### [Task goal]
Write down exactly what lies from the line containing "Un chemin bien sympathique" to the end of the records, inclusive, and omit the pictures.

### [Records supplied]
========================================
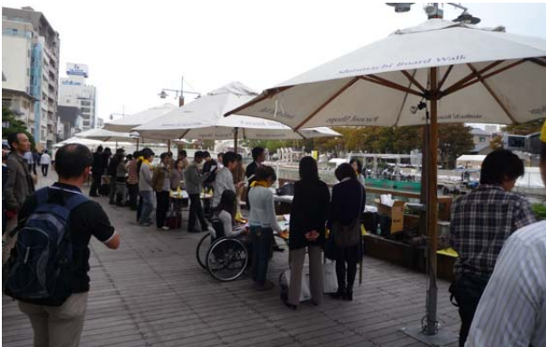
ワークショップ風景

セッションⅡ終了後、若手建築士交流プロジェクト会場へ移動。船に乗ってクルージング後、街並み活性のためのワークショップが開催されました（左下写真）。後から、合流した東京の青年建築士達と共に、飛び入り参加しました。川沿いをライン状に伸びる水際広場の一角で開催されていたのですが、通りかかる一般市民の方から「何をされているのですか？」と何度も声をかけられました（その度に、建築士会という職能団体の大会であること、全国から健全な建築士が集まってきていることなどを力説）。微力ながら建築士会という組織PRに貢献できたと思います。
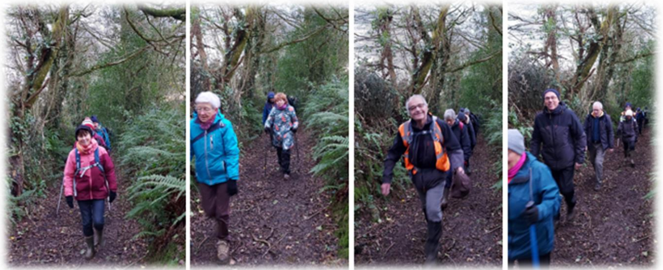
Un chemin bien sympathique
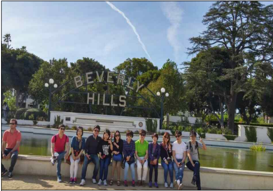
< 비버리힐스&로데오거리 >
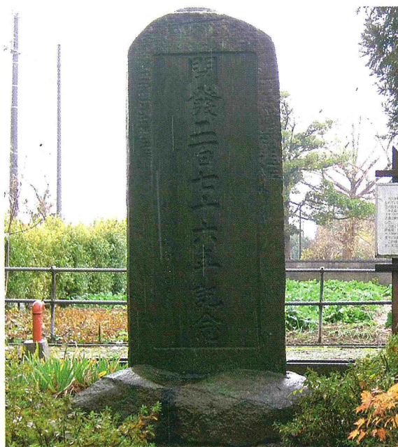
「開発二百七十六年記念」の石碑

石碑の脇には、樹勢盛んな「大久保の大ケヤキ」が立っています。市指定の天然記念物で、北区では「高森の大ケヤキ」に次ぐ大きさで、推定樹齢300年、目通り5.9m、高さは約25mです。石碑とともに、大久保の歴史を物語る大樹です。
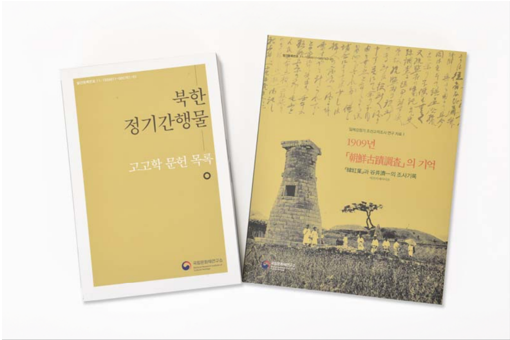
< 『북한 정기간행물 고고학 문헌 목록』 (좌), 『1909년 朝鮮古蹟調査의 기억』 (우)>
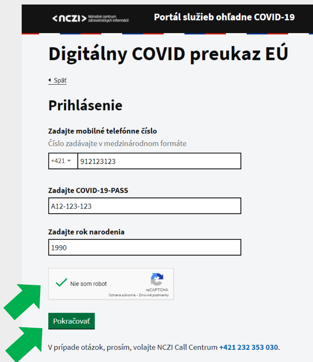
Obr. 5 – Vyplnenie formulára

9-miestny COVID-2019-PASS si uschovajte!
========================================
### [Answer for the task]
Un chemin bien sympathique
< 비버리힐스&로데오거리 >
「開発二百七十六年記念」の石碑

石碑の脇には、樹勢盛んな「大久保の大ケヤキ」が立っています。市指定の天然記念物で、北区では「高森の大ケヤキ」に次ぐ大きさで、推定樹齢300年、目通り5.9m、高さは約25mです。石碑とともに、大久保の歴史を物語る大樹です。
< 『북한 정기간행물 고고학 문헌 목록』 (좌), 『1909년 朝鮮古蹟調査의 기억』 (우)>
Obr. 5 – Vyplnenie formulára

9-miestny COVID-2019-PASS si uschovajte!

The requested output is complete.